● HOW TO COMPLETE THIS TASK
What is wanted is every line below from the one with "4月27日上午,参加表彰大会的劳模们用各自手中的相机记录下难忘时刻。" up to and including the one with "Брутальный ошейник из", retyped exactly, pictures excluded, nothing else.

● DATA TO EXAMINE
↓↓↓

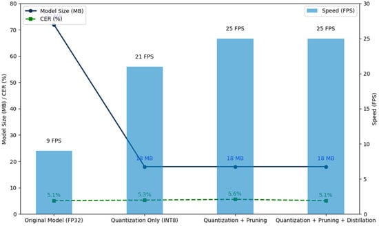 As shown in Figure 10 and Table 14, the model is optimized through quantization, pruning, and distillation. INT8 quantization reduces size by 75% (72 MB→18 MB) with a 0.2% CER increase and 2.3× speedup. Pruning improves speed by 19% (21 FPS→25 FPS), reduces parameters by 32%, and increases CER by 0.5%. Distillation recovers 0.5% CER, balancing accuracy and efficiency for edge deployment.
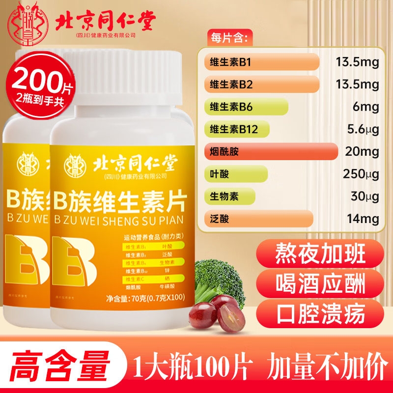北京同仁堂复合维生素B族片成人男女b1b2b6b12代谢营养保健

↑↑↑
↓↓↓

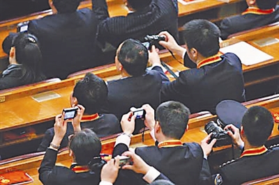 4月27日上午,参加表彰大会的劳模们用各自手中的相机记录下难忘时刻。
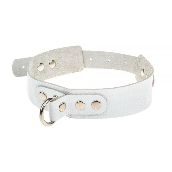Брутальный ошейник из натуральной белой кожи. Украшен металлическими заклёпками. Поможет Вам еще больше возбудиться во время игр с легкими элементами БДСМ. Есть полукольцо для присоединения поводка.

↑↑↑

● YOUR SOLUTION
 4月27日上午,参加表彰大会的劳模们用各自手中的相机记录下难忘时刻。
Брутальный ошейник из натуральной белой кожи. Украшен металлическими заклёпками. Поможет Вам еще больше возбудиться во время игр с легкими элементами БДСМ. Есть полукольцо для присоединения поводка.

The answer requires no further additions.